Osprey Publishing’s Men-at-Arms booklet Italian Colonial Troops 1882-1960 is #544 in the series. Published in 2022, author: Gabriele Esposito, artist: Giuseppe Rava. Forty eight pages including eight color plates.
Italy like Germany got into the colony business later than Great Britain, Spain, France, and the Netherlands. Italians had moved into Tunisia across the Mediterranean Sea from Sicily and there were ever growing connections. France moved in and made Tunisia a protectorate in 1881 to forestall any Italian annexation.
The first section of the booklet is an overview of Italian empire building.
Italy shifted focus to the horn of Africa. Eritrea on the coast of the Red Sea was colonized starting in 1882. Italy negotiated with the Sultan of Zanzibar to establish a series of bridgeheads in Somalia starting in 1889.
There was the failed attempt to conquer Abyssinia with the disastrous battle of Adowa in 1896 that put an end for the time in empire building.
Italy took possession of Tripoli and Cyrenaica in 1911 in the Italian-Turkish War.
Esposito then devotes the rest of the booklet to the units divided up according to territory.

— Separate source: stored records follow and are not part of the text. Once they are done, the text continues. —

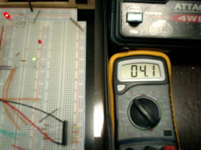 → 緑色LED点灯! 4.1Vです! オーバーしている! う〜ん・・・
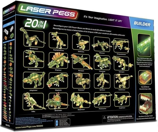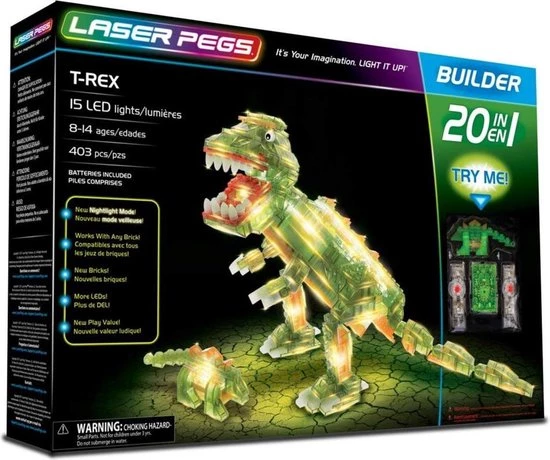 Verken de geschiedenis die 68 miljoen jaar geleden in steen is geschreven en ga op een onbekende reis in de prehistorie om de geheimen van uitgestorven reptielen te ontrafelen. T-REX 20 in 1 is de kit om de beroemdste dinosaurus aller tijden te bouwen: de Tyrannosaurus. Het bevat 403 bouwstenen en 15 LED-elementen waarmee je tot 20 verschillende soorten roofdieren in de zee en op het land kunt bouwen. De gloeiende blokken zijn een geweldige manier om de sporen van de geschiedenis te ontdekken! LASER PEGS – klinkt logisch.
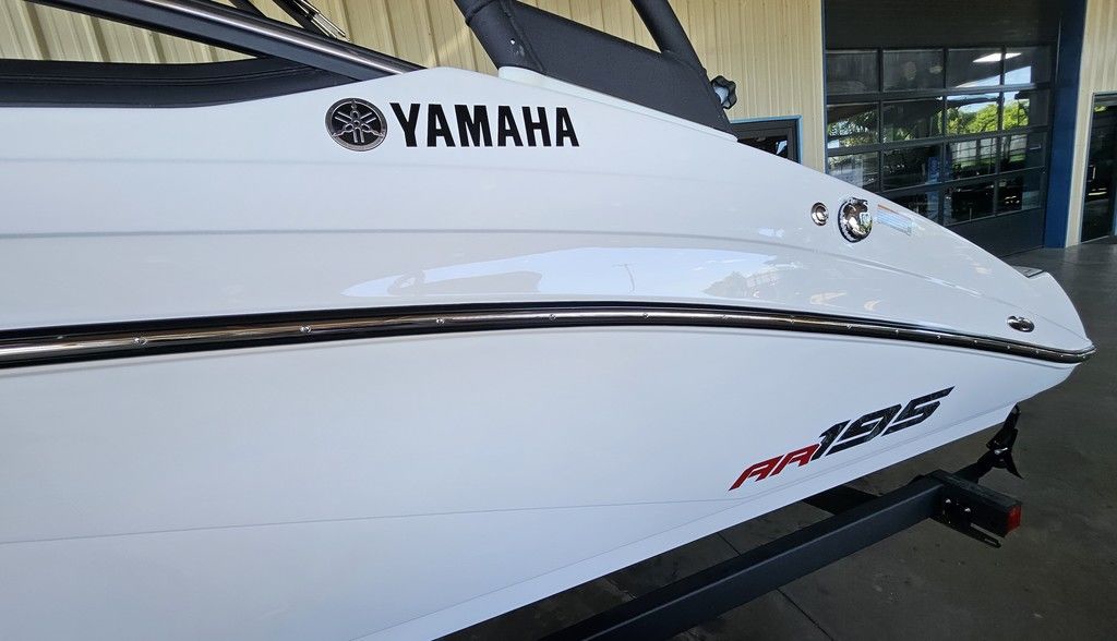 HUGE SAVINGS ON THIS NEW 2025 AR195 MODEL - Call Now! Yamaha boats come standard with everything you need for a great day on the water! We have a few White or Black models available. Comes With Trailer with swing away tongue for garage storage and anti-theft, Aluminum Folding wakeboard tower With bimini top, windshield mirror, Bow filler inserts for multiple seating options, dinette table with cockpit mount, removable cooler, boarding ladder, 5" connext touchscreen display, Marine stereo with bluetooth, cruise assist / no wake mode, USB charge ports, factory installed swim up seat brackets (swim up seats sold separately) 12 Volt Outlet Yamaha 19 foot boats are engineered with a huge interior design that has plenty of room for 8 passengers and well planned out storage and layout. Easy access clean out port, easy Engine access, removable cushion for rear step thru entry, snap out easy to clean flooring, and so much more! 250 HP with the single supercharged 4-cylinder 4 stroke super vortex high output Yamaha engine. Enjoy unparalleled supercharged performance, standout styling, and incredible value, all enhanced by a watersports tower.
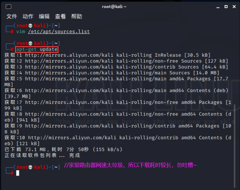1.vim /etc/apt/sources.list2.'//是包管理工具 apt 所用的记录软件包仓库位置的配置文件'3.'//更换Kali的更新源,下载的话从国外下载很慢,这里我们选择替换为阿里云的'4.5.deb http://mirrors.aliyun.com/kali kali-rolling main non-free contrib6.7.deb-src http://mirrors.aliyun.com/kali kali-rolling main non-free contrib1.apt-get update2.3.'//访问源列表里的每个网址,并读取软件列表,然后保存在本地电脑'4.'//我们在软件包管理器里看到的软件列表,都是通过update命令更新的'建议到了这步可以快照保存一波,之后小伙伴们自行折腾~
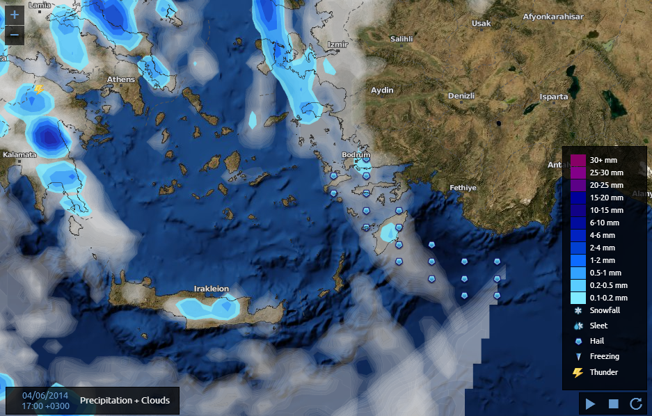 Λίγο πριν το βραδακι στης 19:00 η βροχή θα επηρεάζει την Ρόδο από τα κεντρικά τμήματα μέχρι την πόλη.
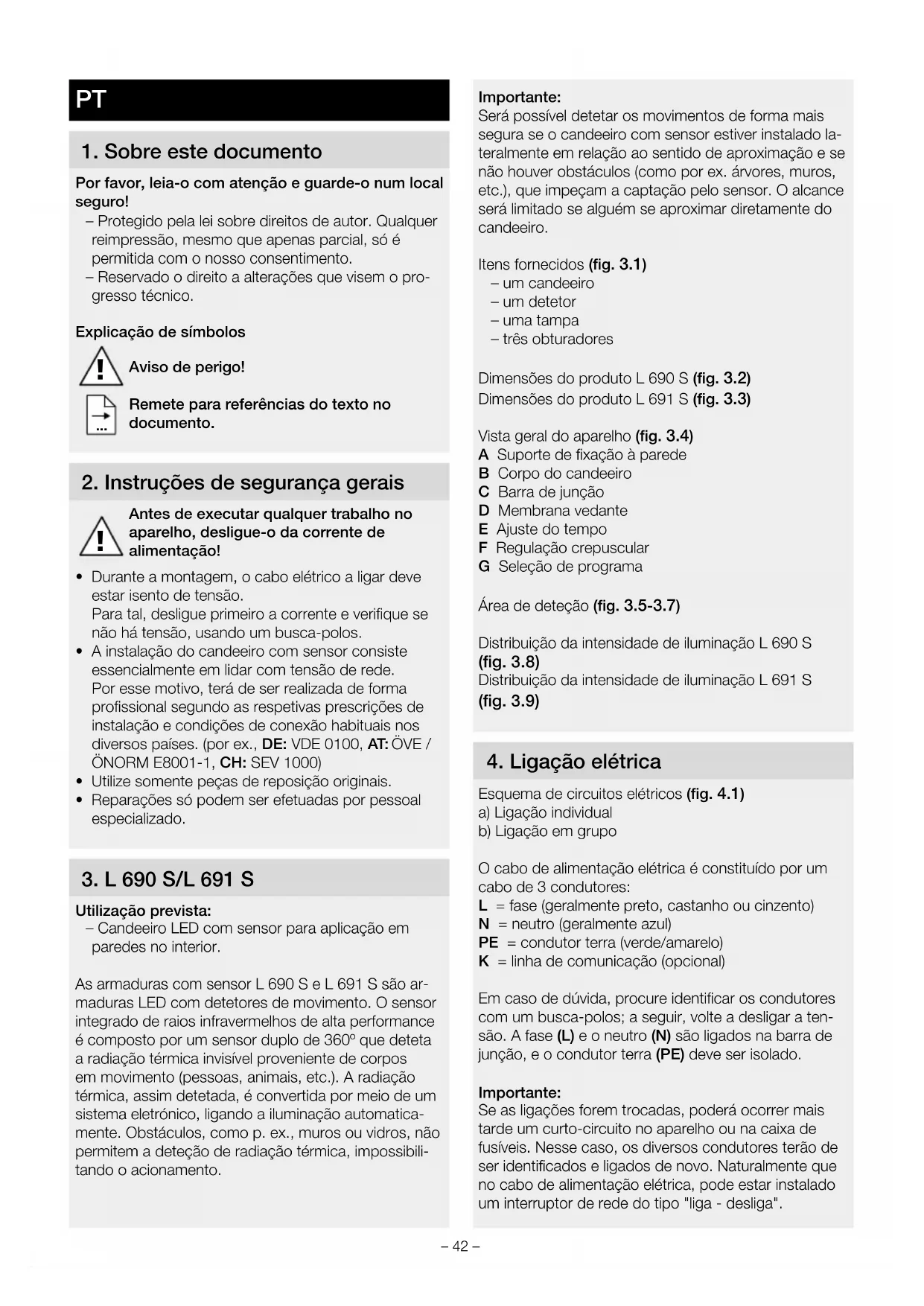 Utilização prevista: – Candeeiro LED com sensor para aplicação em paredes no interior. As armaduras com sensor L690 S e L691 S são ar- maduras LED com detetores de movimento. O sensor integrado de raios infravermelhos de alta performance é composto por um sensor duplo de 360º que deteta a radiação térmica invisível proveniente de corpos em movimento (pessoas, animais, etc.). A radiação térmica, assim detetada, é convertida por meio de um sistema eletrónico, ligando a iluminação automatica- mente. Obstáculos, como p. ex., muros ou vidros, não permitem a deteção de radiação térmica, impossibili- tando o acionamento. Importante: Será possível detetar os movimentos de forma mais segura se o candeeiro com sensor estiver instalado la- teralmente em relação ao sentido de aproximação e se não houver obstáculos (como por ex. árvores, muros, etc.), que impeçam a captação pelo sensor. O alcance será limitado se alguém se aproximar diretamente do candeeiro. Itens fornecidos (fig.3.1) – um candeeiro – um detetor – uma tampa – três obturadores Dimensões do produto L690 S (fig.3.2) Dimensões do produto L691 S (fig.3.3) Vista geral do aparelho (fig.3.4) A Suporte de fixação à parede B Corpo do candeeiro C Barra de junção D Membrana vedante E Ajuste do tempo F Regulação crepuscular G Seleção de programa Área de deteção (fig.3.5-3.7) Distribuição da intensidade de iluminação L690S (fig.3.8) Distribuição da intensidade de iluminação L691S (fig.3.9)

The Italians would move in generally with Bersaglieri (light infantry). They would recruit natives to patrol and keep the peace. Overtime, companies became battalions, battalions would grow into regiments. These units follow the general colonial military similar to the King’s African Rifles, French Senagalese Tirailleurs, Dutch KNIL, American Philippine Constabulary. These native forces were generally light infantry, the Italians did create camel mounted unit. Over time, engineer and machine gun units were added.
The Eritreans were the best native troops. I remember reading that in the Second Italo-Abyssinian War, the Eritreans rescued Fascist Black Shirt Militia from getting wiped out more than once. The Eritreans were the point of the spear in that war.
The illustrations are full of sun helmets and fezzes. The native Libyan troops have exotic vests and baggy pants. Lots of Carcano rifles, which is not as bad a rifle as legend had it. Differences in powder used in cartridges were the cause of the Carcano’s supposed failings. The Italian military gets a lot of grief due to WW2. The Italians historically have had good mountain troops and light infantry. Their paratroopers in WW2 were no slouches. They even had a battalion of native Libyan paratroopers.
Some brief space is given to some interesting units.A cavalry reconnaissance platoon in the Boxer Rebellion expeditionary force had Cossack looking hats. Ethnic Italians in the Austro-Hungarian Army in WW1 captured by the Russians made their way across Siberia. They were outfitted in Japanese Army uniforms in Manchuria but with the cappello alpino hat.
If you have an interest in colonial armies, Italian Colonial Troops is a good addition.